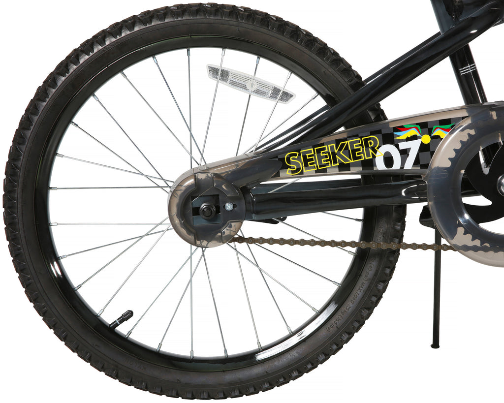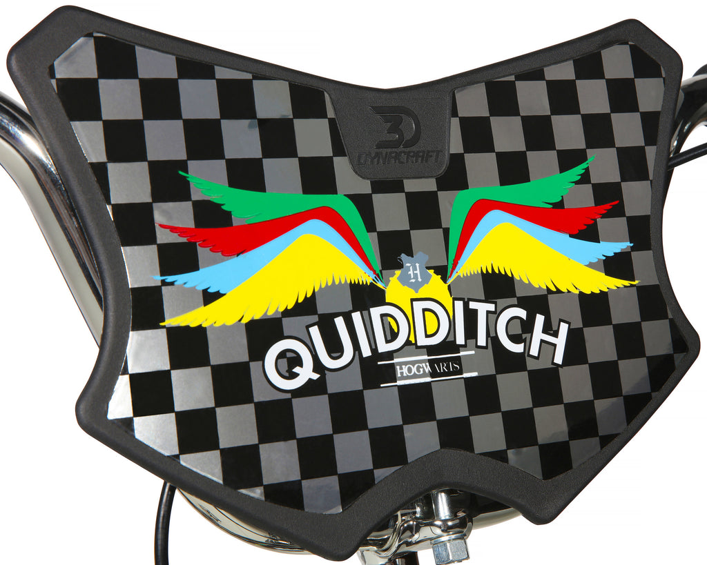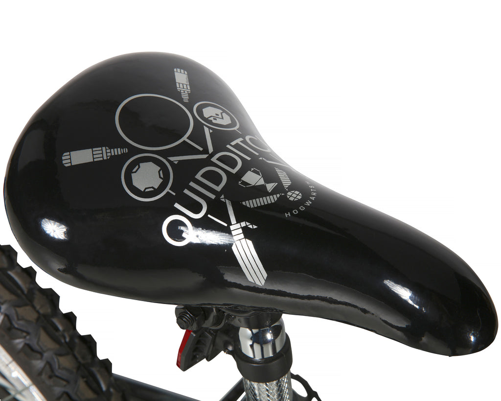 Embark on a journey around the enchanted grounds of Hogwarts with the Harry Potter 20-inch Bike by Dynacraft. This magical-looking bike boasts a deluxe paint finish and custom Quidditch graphics on a sturdy steel BMX-style frame that is sure to cast a spell on any wizard or witch. Its wide tires and super comfy seat provide a smooth ride, just like a Quidditch stick. Plus, the solid rear coaster brake and front caliper brake ensure that any unruly magic is kept safely under control. Setting up and standing this bike is a cinch with its quick-adjust seat post and solid steel kickstand. Designed for exciting adventures, this single-speed bike comes equipped with a Quidditch-themed handlebar-mounted shield that will get your young rider ready for game day. If you are ready to embrace courage, determination, and bravery, hop on our Harry Potter 20-inch bike and let it whisk you away on Hogwarts-inspired adventures!
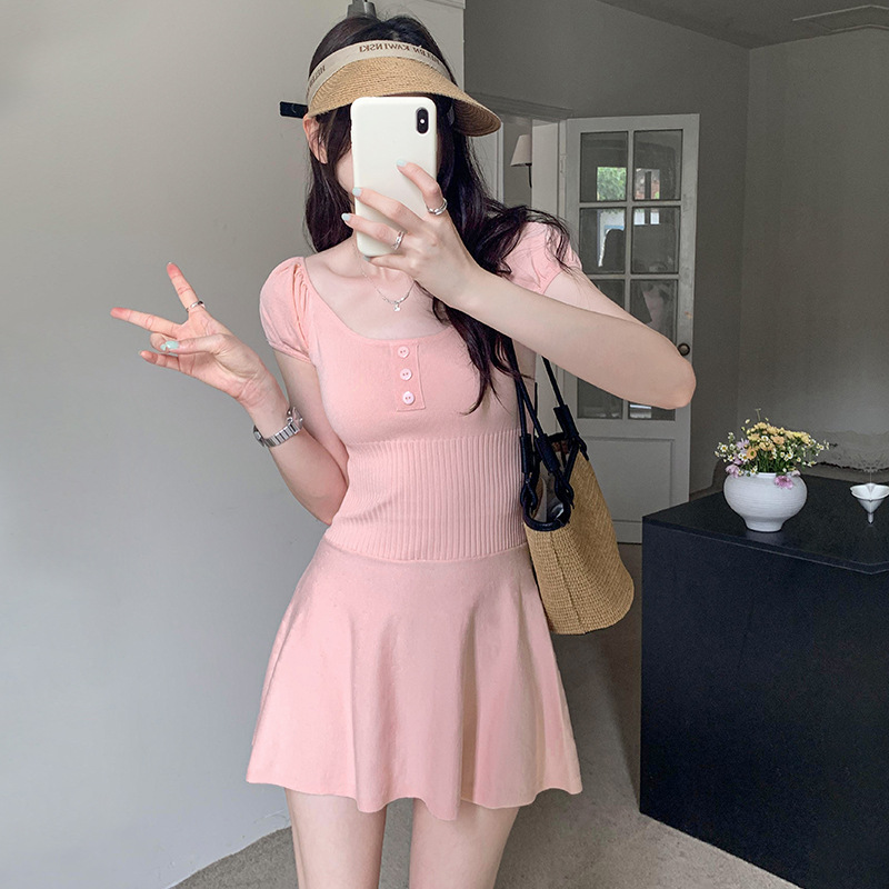 纯欲风温柔甜美泡泡袖粉色短袖针织连衣裙女装芭蕾裙子修身短裙
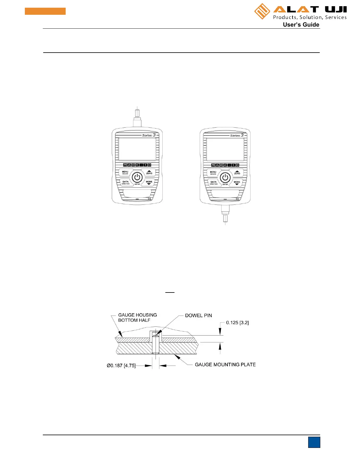 during a test. A mating dowel pin should be used (see illustration below). Mounting plates on Mark-10 test
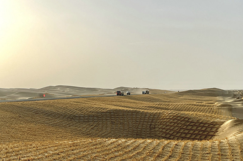 38團訊(通訊員 崔振杰)5月15日,北新路橋集團國際工程事業(yè)部第二師38團至塔中沙漠公路項目上自卸車來回奔忙。該項目目前在沙漠中設有兩處營地點,無信號、無水電,一切補給靠外部營地點運輸,但就是在這樣越來越惡劣的變化中項目一點一滴推進成型。如蒼龍潛地,飛沙走石中、艷陽高照時、萬里晴空下,自卸車往來奔忙、施工員駐足指揮、草方格徐徐鋪展,靜止與運動的平衡中“沙漠黃龍”直搗天際。

Directions |
Write out the whole listing exactly, with no pictures.

Reply to the exercise |
 Embark on a journey around the enchanted grounds of Hogwarts with the Harry Potter 20-inch Bike by Dynacraft. This magical-looking bike boasts a deluxe paint finish and custom Quidditch graphics on a sturdy steel BMX-style frame that is sure to cast a spell on any wizard or witch. Its wide tires and super comfy seat provide a smooth ride, just like a Quidditch stick. Plus, the solid rear coaster brake and front caliper brake ensure that any unruly magic is kept safely under control. Setting up and standing this bike is a cinch with its quick-adjust seat post and solid steel kickstand. Designed for exciting adventures, this single-speed bike comes equipped with a Quidditch-themed handlebar-mounted shield that will get your young rider ready for game day. If you are ready to embrace courage, determination, and bravery, hop on our Harry Potter 20-inch bike and let it whisk you away on Hogwarts-inspired adventures!
 纯欲风温柔甜美泡泡袖粉色短袖针织连衣裙女装芭蕾裙子修身短裙
 during a test. A mating dowel pin should be used (see illustration below). Mounting plates on Mark-10 test
 38團訊(通訊員 崔振杰)5月15日,北新路橋集團國際工程事業(yè)部第二師38團至塔中沙漠公路項目上自卸車來回奔忙。該項目目前在沙漠中設有兩處營地點,無信號、無水電,一切補給靠外部營地點運輸,但就是在這樣越來越惡劣的變化中項目一點一滴推進成型。如蒼龍潛地,飛沙走石中、艷陽高照時、萬里晴空下,自卸車往來奔忙、施工員駐足指揮、草方格徐徐鋪展,靜止與運動的平衡中“沙漠黃龍”直搗天際。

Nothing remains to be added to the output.